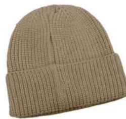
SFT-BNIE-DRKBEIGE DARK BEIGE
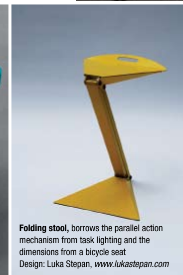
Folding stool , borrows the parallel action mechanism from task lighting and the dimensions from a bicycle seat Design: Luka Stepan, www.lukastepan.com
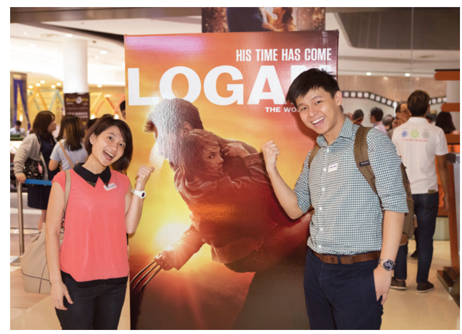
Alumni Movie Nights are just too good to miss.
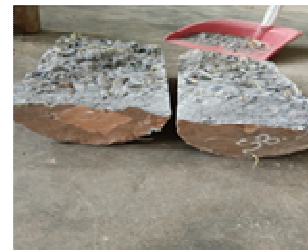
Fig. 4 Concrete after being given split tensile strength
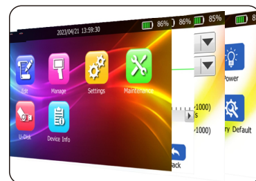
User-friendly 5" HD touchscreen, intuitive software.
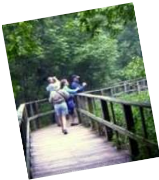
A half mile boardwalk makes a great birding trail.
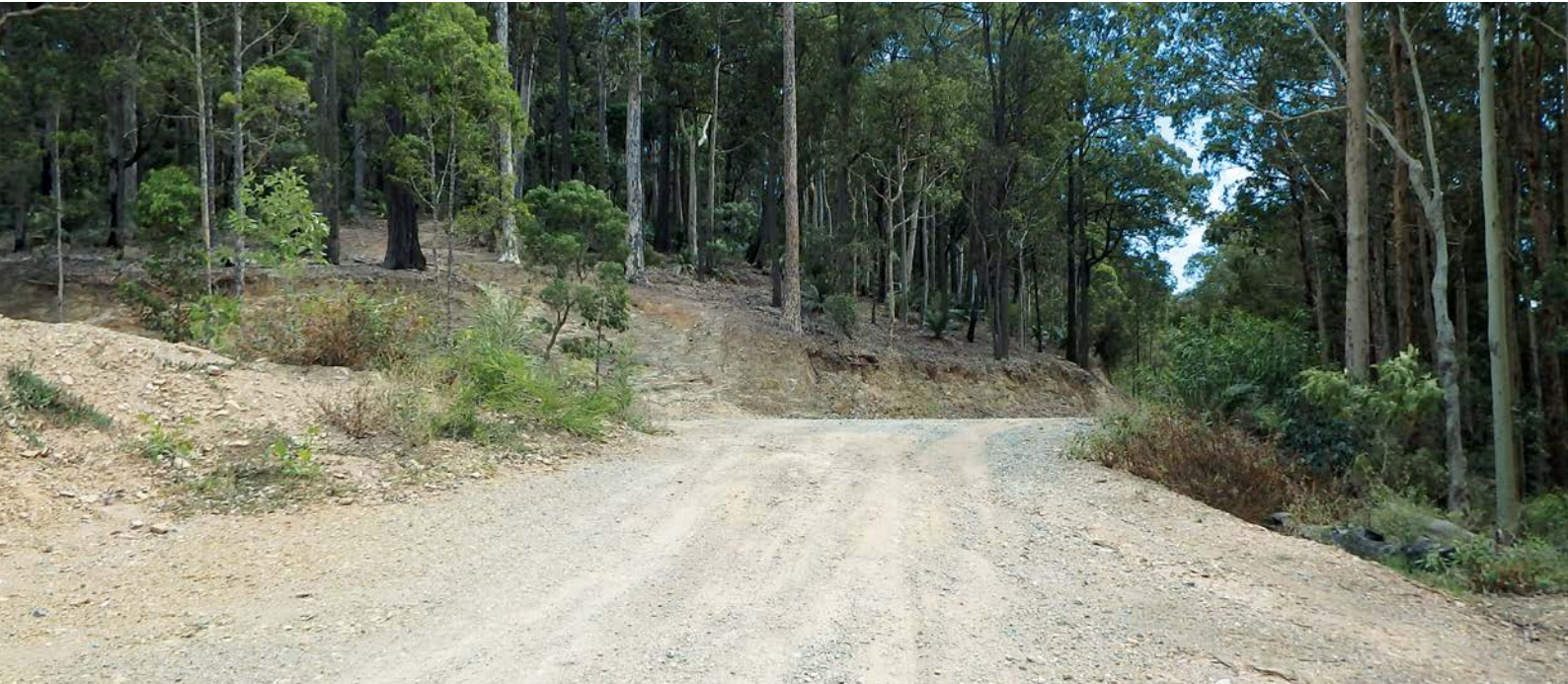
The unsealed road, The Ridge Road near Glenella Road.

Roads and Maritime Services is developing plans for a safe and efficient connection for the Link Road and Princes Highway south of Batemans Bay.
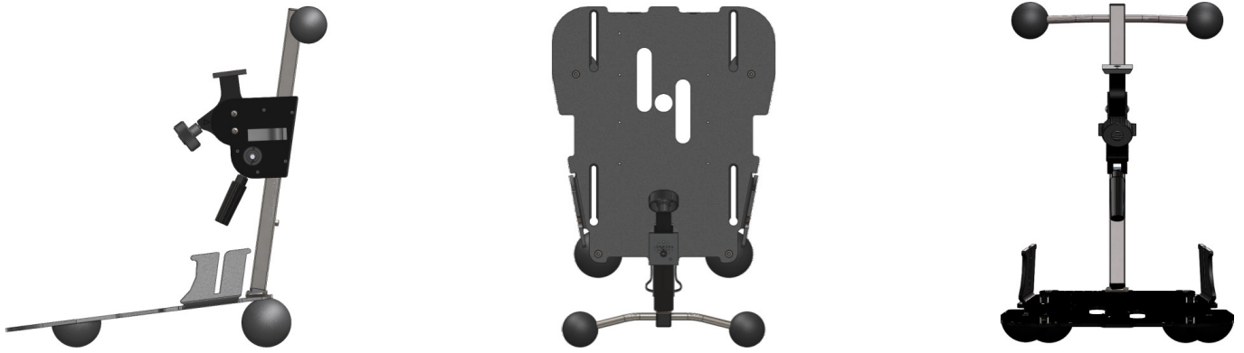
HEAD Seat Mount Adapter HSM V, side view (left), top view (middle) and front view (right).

=======

* Instructions for the task: Take the data above and set it down exactly, images excluded.

* Exercise result:
SFT-BNIE-DRKBEIGE DARK BEIGE
Folding stool , borrows the parallel action mechanism from task lighting and the dimensions from a bicycle seat Design: Luka Stepan, www.lukastepan.com
Alumni Movie Nights are just too good to miss.
Fig. 4 Concrete after being given split tensile strength
User-friendly 5" HD touchscreen, intuitive software.
A half mile boardwalk makes a great birding trail.
The unsealed road, The Ridge Road near Glenella Road.

Roads and Maritime Services is developing plans for a safe and efficient connection for the Link Road and Princes Highway south of Batemans Bay.
HEAD Seat Mount Adapter HSM V, side view (left), top view (middle) and front view (right).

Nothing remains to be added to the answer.